Origins

There is some amount of debate over the exact date, location, and claim to the invention of the motorcycle. Documented evidence can be found of steam-powered bicycles, developed independently during the course of the XIX century. Edward Butler in England and Gottfried Daimler in Germany seem to have been two of the earliest pioneers of the concept of a usable, practical motorcycle, in the mid 1880s. While Butler apparently ran out of financial means, Daimler was purely testing his engines, seeking to adapt them to cars.

It took yet another decade for the world to see production spreading, with France, Britain and Germany soon being joined by other prosperous countries, notably the USA. In a time of rapid economic growth, motorcycles enjoyed a quick evolution, fuelled by the viability of a fast personal vehicle made available at reasonable prices. Racing was also a crucial factor, providing real conditions for improvements to be considered, tested and implemented further.

Halfway along the XX century, motorcycles became a common sight across the world and demand kept on growing.

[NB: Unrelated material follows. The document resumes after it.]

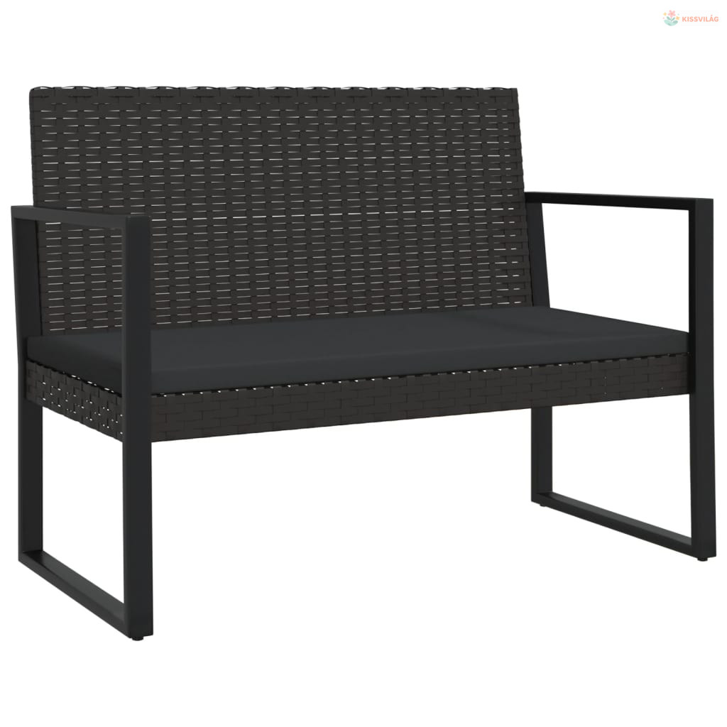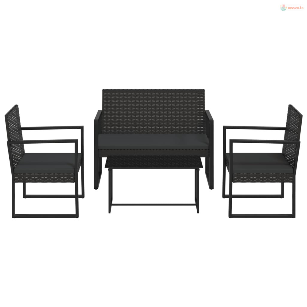 4 részes fekete polyrattan kerti ülőgarnitúra párnákkal

After initial European and American dominance, Asia turned out to be, by far, the main buyer of motorcycles and the image of hundreds of bikes carrying all sorts of goods (or improbable amounts of people), entangled in indescribable traffic scenes in mega cities like Kuala Lumpur, Bangkok, Manila or Jakarta can be seen on a daily basis.

Modern regulations with regards to safety, noise limitation and pollution prevention have been shaping recent production, forcing enterprises to adapt to new laws and norms, but surely won’t prevent the ongoing use of motorcycles as a worldwide transportation method for years to come.